Synthetic data is the solution for IT project's security and velocity.
Gartner predicts that “By 2024, 60% of the data used for the development of AI and analytics projects will be synthetically generated”, while by 2030, they estimate that "Synthetic data will completely overshadow real data in AI models". We may disagree with Gartner numbers, but surely we shall use more and more synthetic data. CloudTDMS is betting that synthetic data shall represent at least 50% of the data by 2024, especially for big-data, analytics & AI/ML projects.
Why should we care about Synthetic Data??
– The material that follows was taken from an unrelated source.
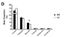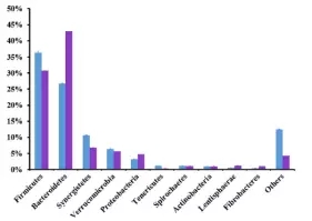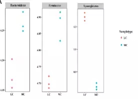 在細(xì)菌門(mén)水平,一共有14個(gè)原核的門(mén)被鑒定,主要是厚壁菌門(mén)(35.7-30.1%),擬桿菌門(mén)(26.6-43.6%)、互養(yǎng)菌門(mén)(11-7%),且通過(guò)門(mén)水平維恩圖分析發(fā)現(xiàn),在兩組(MC和LC)間門(mén)水平組成相同,比較分析兩組間微生物變化情況發(fā)現(xiàn)(如圖:FIG2),MC組相比于LC組,互養(yǎng)菌門(mén)增長(zhǎng)了57%,無(wú)壁菌門(mén)增長(zhǎng)了330%。而黏膠球形菌門(mén)降低了63%,纖維桿菌門(mén)降低了65%;

Just as an example, are you aware about the recent biggest data leak in the world ? Nearly one billion people in China had their personal data leaked ! Unknown hackers claimed to have stolen data of nearly one billion Chinese residents after breaching a Shanghai police database. The hackers claimed the database was hosted on the cloud accessible to anyone without restrictions.?
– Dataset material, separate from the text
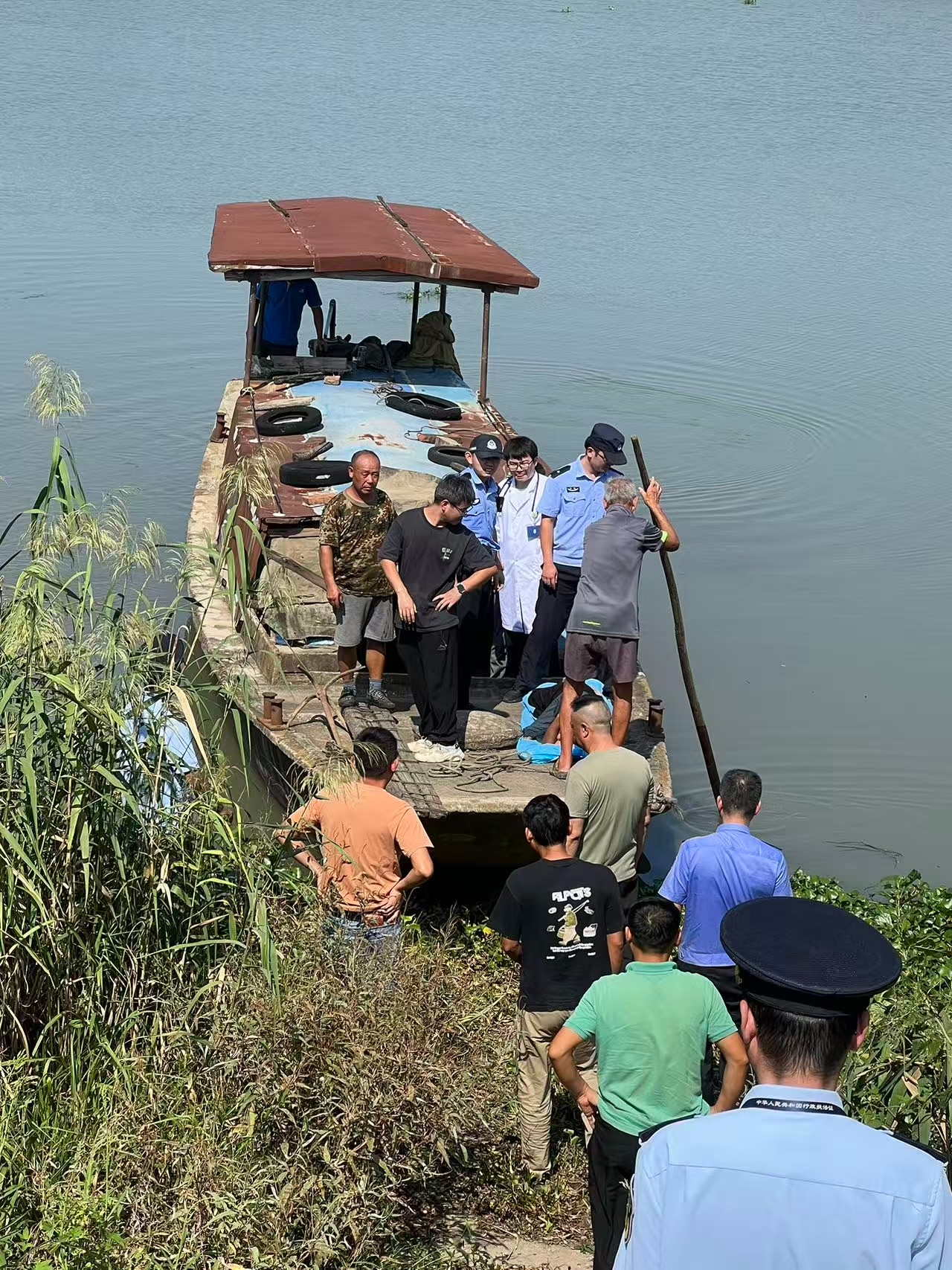 见状,民警在与报警人时刻保持电话沟通的情况下,立即向无为市公安局战防联勤中心汇报现场情况,后陆续与芜湖市海事局、无为市刘渡镇人民政府以及该市消防救援局、交通运输局、急救中心和蓝天救援队等单位(部门)取得联系,请求支援。

If this very sensitive database has been stored in the cloud without proper security measures, it is probably due to the fact that real data has been shared by internal team members such as IT Partners, developers/testers for analytics projects, or data scientists to train or test a new AI/ML models.
One advice from CloudTDMS.com , often forgotten in day to day data projects: Never share real data or provide access to production databases to a project's team members. Even if, for example, an important dashboard is requested urgently by the company's CEO !
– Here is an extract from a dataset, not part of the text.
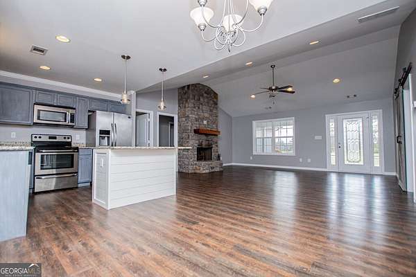 Built in 2018 and FRESHLY painted, this beautifully maintained ranch home sits on approximately 1.81 acres, offering the perfect blend of privacy, comfort, and convenience. A scenic drive leads you to a peaceful setting where quiet surroundings and a breathtaking stone fireplace create a warm and inviting retreat. Inside, the home offers easy one level living with an open, welcoming feel making everyday living and entertaining effortless. Beautifully maintained and thoughtfully designed, if this home had a name, it would be "Peaceful Haven".

Join the new era of Synthetic Data ! It is becoming the new fuel for all Data related Projects. In other words any organisation can make test data as Realistic without taking it from production
Forrester recommends synthetic data to accelerate the development of new AI solutions, improve the accuracy of AI models, and protect sensitive data. It is currently being used in autonomous vehicles, financial services, insurance and pharmaceutical firms, and computer vision vendors.
To make your IT projects secure and fully compliant with regulations, organisations can generate synthetic data either by using open source python libraries such as Faker or a No-Code Cloud Solution such as CloudTDMS.com .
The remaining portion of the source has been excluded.